Les terrains sédimentaires composés de blocs et d’interstices poreux comme les éboulis et les glaciers rocheux fossiles peuvent être traversés par un courant d’air selon un mécanisme appelé effet de cheminée. Ce processus de ventilation bidirectionnelle a été initialement décrit dans les réseaux souterrains à plusieurs entrées dénivelées (cf. fiche pergélisol 5.5). Ces « vents des ténèbres » sont essentiellement d’origine thermique, leur direction et leur vitesse étant en effet fonction du gradient de température existant entre l’intérieur et l’extérieur du système ventilé. L’évolution des températures peut y être séparée en deux phases distinctes : le régime hivernal (ascendant) et le régime estival (descendant) (fig. 1).
- En régime hivernal, l’air à l’intérieur de la formation ventilée est plus chaud (et donc plus léger) que l’air extérieur et le courant d’air devient ascendant (fig. 2). En conséquence, de l’air froid est aspiré avec une zone de refroidissement maximal située une dizaine de mètres en amont du pied de l’éboulis (fig. 3). Des trous d’aspiration favorisent la pénétration de l’air extérieur froid dans le terrain qui se produit cependant aussi à travers un épais manteau neigeux ! Les blocs composant l’éboulis ainsi que les terrains non-poreux sous-jacents et adjacents (roche en place, moraine) emmagasinent par conduction le froid apporté par le courant d’air. L’éboulis profite donc de toutes les périodes froides de l’hiver pour se refroidir sous le point de congélation et former un « réservoir de froid » (fig. 4). L’aspiration d’air froid et sec en hiver entraîne également un assèchement des parties basses du terrain. La glace présente dans les éboulis ne se forme donc pas en hiver mais lors de la fonte des neiges au printemps.

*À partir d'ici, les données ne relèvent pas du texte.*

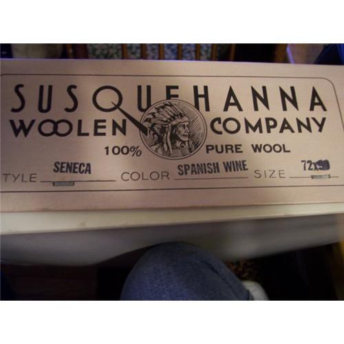 I believe this is new-old stock.It is a wool blanket from the SUSQUEHANNA WOOLEN COMPANY.It is 100% pure wool.Style is SENECA,color is SPANISH WINE and the size is 72x90(I think).Hard to make out the last number.Box has one piece of cardboard gone.The graphics are of an Indian on the one end,and the paper is still in between the blanket.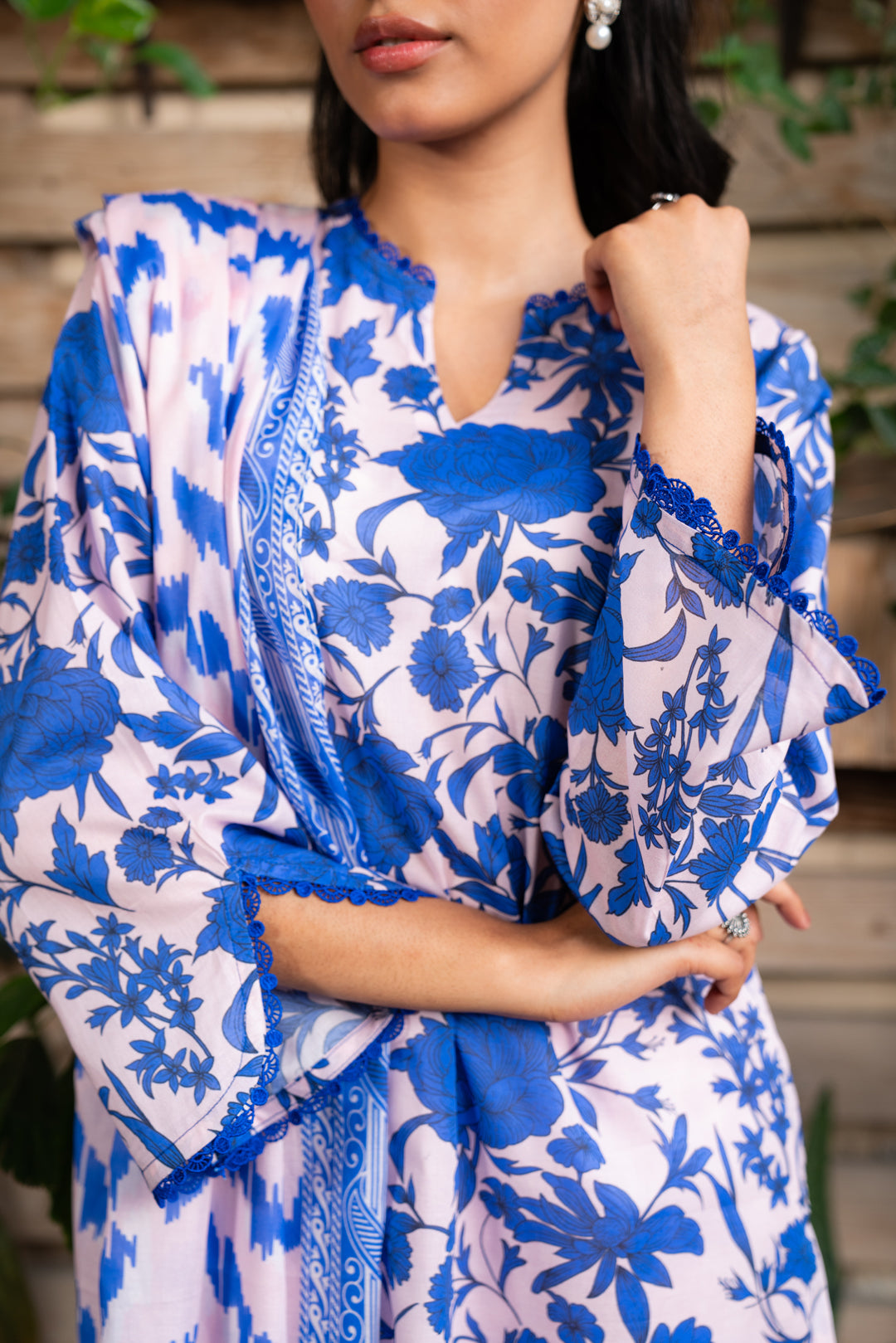 Stay cool and classy this summer with this breezy lawn suit. The printed lawn shirt adds a touch of charm, while the soft dyed cambric trouser offers all-day comfort. Paired with a flowy printed voile dupatta, this outfit is perfect for casual summer days and get-togethers.

- En régime estival, le froid emmagasiné durant l’hiver s’écoule par gravité de préférence aux points les plus bas de l’éboulis ou du glacier rocheux fossile. Un décalage spatial existe donc entre la zone où le refroidissement hivernal est le plus marqué et celle où le réchauffement estival est minimal (fig. 1). Durant l’été, la tendance générale de l’évolution des températures dans un trou à vent est à la stabilité, même s’il existe des variations de faibles ampleurs inversement proportionnelles à l’évolution de la température de l’air extérieur. Autrement dit, plus il fait chaud à l’extérieur, plus le courant d’air sortant de l’éboulis est frais (fig. 5). Ce dernier se maintient à saturation (100% d’humidité relative) durant l’été, s’humidifiant en traversant l’éboulis froid rendu humide par la percolation des eaux de la fonte des neiges.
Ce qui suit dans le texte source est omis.